Imagine a world where the rules of big data processing are being rewritten before our eyes. That’s exactly what Pinterest is doing with Moka, its groundbreaking platform that’s shifting the paradigm from aging Hadoop systems to a Kubernetes-based future. But here’s where it gets controversial: can Kubernetes truly replace Hadoop as the backbone of large-scale data processing? Pinterest thinks so, and their journey is both a roadmap and a cautionary tale for the industry.
In a revealing two-part blog series, Pinterest’s Big Data Platform team—Soam Acharya, Rainie Li, William Tom, and Ang Zhang—detail their transition from their legacy Hadoop system, Monarch, to Moka. This isn’t just a tech upgrade; it’s a strategic pivot toward a cloud-native, Kubernetes-driven architecture on Amazon EKS. Part one of the series dives into the overall design and application layer, while part two explores the infrastructure-focused aspects, complete with lessons learned and future directions. The move isn’t just about adopting Kubernetes—it’s about treating it as the control plane for data, a shift that’s gaining traction across the tech industry.
But why Kubernetes? The team evaluated alternatives based on scalability, security, cost, and multi-engine support. Moka emerged as the solution, seamlessly integrating Apache Spark as the primary engine while laying the groundwork for other frameworks like Flink and Apache Ray. This isn’t just about modernizing—it’s about future-proofing. Pinterest’s approach demonstrates how to evolve a Hadoop-era platform without abandoning existing investments in Spark. And this is the part most people miss: Moka isn’t a Spark-only platform; it’s a flexible foundation designed to accommodate diverse processing engines based on workload needs.
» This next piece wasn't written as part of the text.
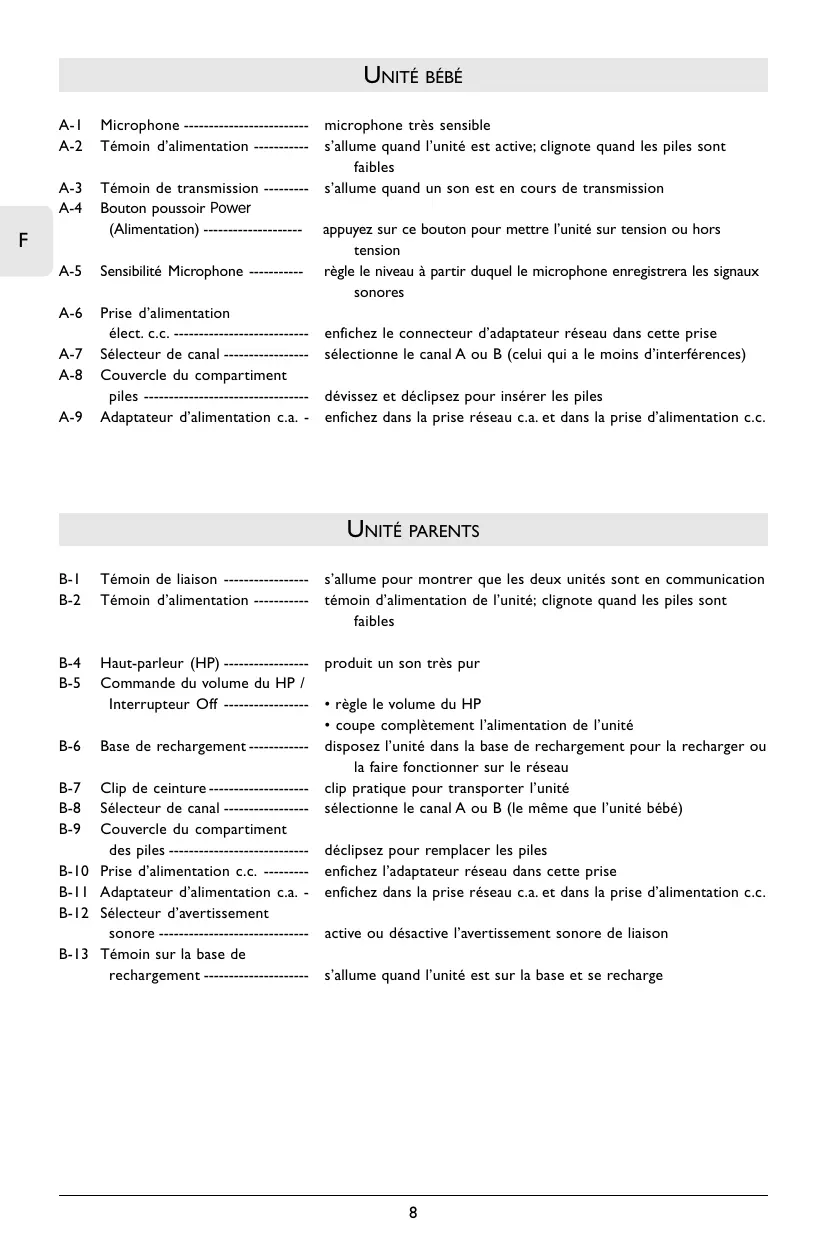 - coupe complètement l’alimentation de l’unité disposez l’unité dans la base de rechargement pour la recharger ou la faire fonctionner sur le réseau clip pratique pour transporter l’unité sélectionne le canal A ou B (le même que l’unité bébé) déclipsez pour remplacer les piles enfichez l’adaptateur réseau dans cette prise enfichez dans la prise réseau c.a. et dans la prise d’alimentation c.c. active ou désactive l’avertissement sonore de liaison s’allume quand l’unité est sur la base et se recharge

One of the standout features of Moka is its focus on observability. By integrating logging with Fluent Bit, metrics with OpenTelemetry, and job history services, Pinterest’s engineers created a unified view of system health. This allows teams to debug and optimize jobs without getting bogged down in cluster complexities. But here’s the bold question: is this level of abstraction too good to be true? While it simplifies operations, does it risk isolating engineers from the underlying infrastructure? Let’s discuss in the comments.
Pinterest also tackled the challenge of multi-architecture support, ensuring Moka runs efficiently on both Intel and ARM-based instances, including AWS Graviton. This aligns with broader industry goals of cutting infrastructure costs without compromising performance. As InfoQ editor Eran Stiller noted, Moka delivers container-level isolation, ARM support, YuniKorn scheduling, and significant cost savings—a testament to its role as a reference architecture for cloud-native data systems.
But here’s where it gets even more intriguing: Moka’s success with Spark has paved the way for other engines like Flink Batch and Apache Ray. This highlights a critical industry debate: Spark vs. Flink. While Spark excels in batch and interactive analytics, Flink is purpose-built for real-time, stateful stream processing. Pinterest’s approach? Don’t choose sides—build a platform that supports both. This flexibility is Moka’s superpower, but it also raises questions about complexity and resource management. What’s your take?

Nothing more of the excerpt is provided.